Advanced therapy medicinal products (ATMPs) are often developed by academic and non-profit organisations, because of their high level expertise in the biotechnological techniques that underpin many new therapeutic approaches. On the other hand, these organisations often lack sufficient understanding and experience to face the complexity of the regulatory development.

To improve the possibility for non-commercial developers to access regulatory and scientific support related to promising ATMPs addressing unmet medical needs, a pilot was launched by EMA in September 2022. Three projects have been already selected to participate to the pilot. ARI-0001, a chimeric antigen receptor (CAR) product based on patients’ own T-cells, developed by the Hospital Clínic de Barcelona, was the first project to access the pilot. The product was granted eligibility to the PRIME scheme in December 2021, and is targeted to treat patients older than 25 years with relapsed/refractory acute lymphoblastic leukaemia.

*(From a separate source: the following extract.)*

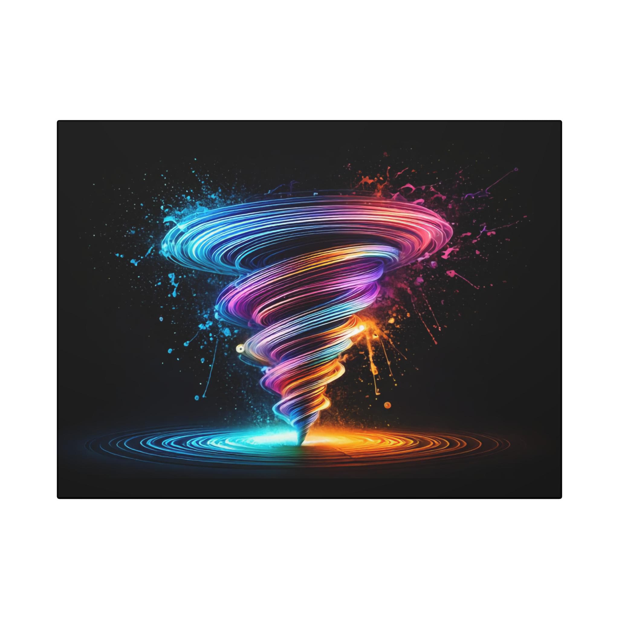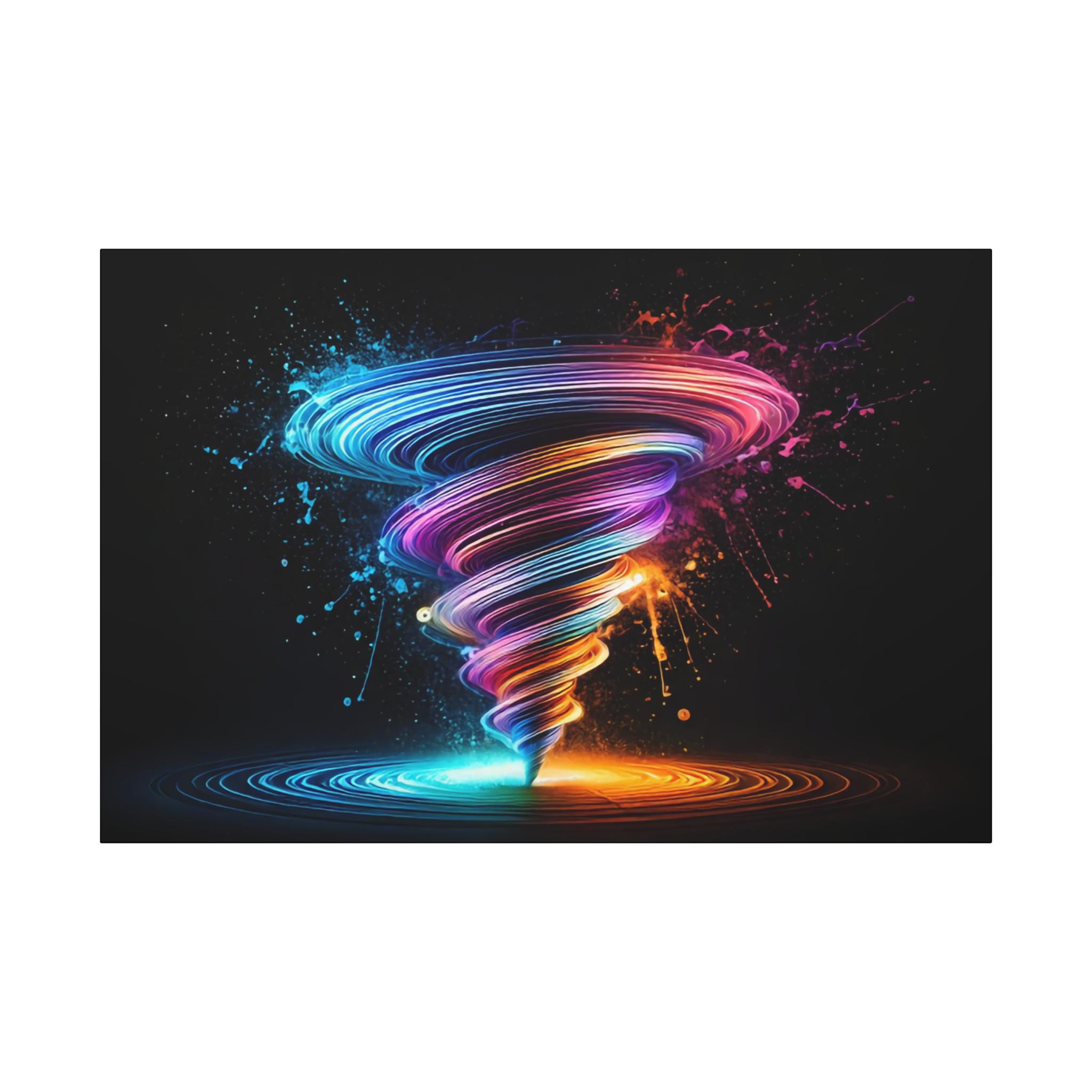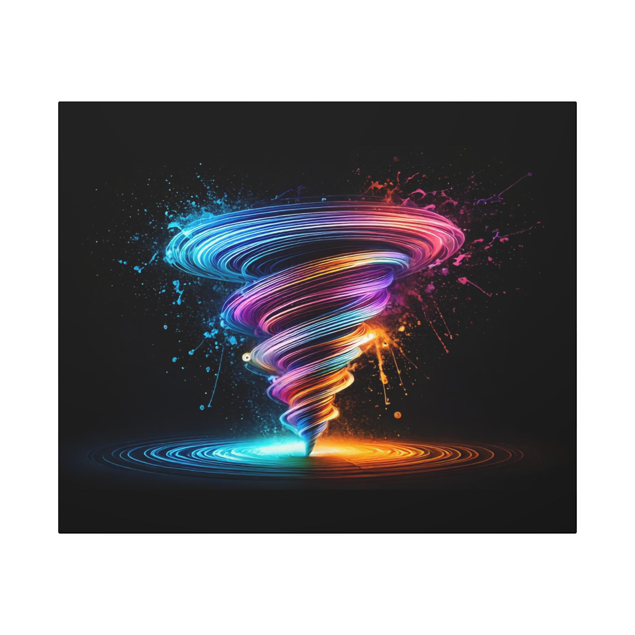 This canvas art wrap captures a swirling burst of color — electric blues, magentas, and molten oranges twisting into a luminous vortex against deep charcoal. It brings movement and modern energy to a room, turning a blank wall into a focal point that feels alive. Lightweight and designed for indoor display, the textured polyester surface holds crisp, saturated inks so the neon-like gradients and paint-splash details stay vivid. The canvas arrives ready to hang with a discreet black backing and built-in hanger, available in multiple sizes and orientations so you can find the right scale for a living room, studio, or office. It’s for anyone who wants dynamic visual impact without fuss: hang it solo above a sofa, group several sizes for a gallery wall, or place it where light can catch the glossy swirls and deepen the drama.

The second call closed in December 2023 and saw the participation of 11 candidates, among which two new academic organisations were selected. The Berlin Center for Advanced Therapies (BeCAT) – Charité is developing TregTacRes, a gene therapy based on modified T-cells, for use as add-on therapy after transplantation. Fondazione Telethon’s gene therapy Telethon 003 (etuvetidigene autotemcel) targets the Wiskott-Aldrich syndrome, a rare, life-threatening immunodeficiency.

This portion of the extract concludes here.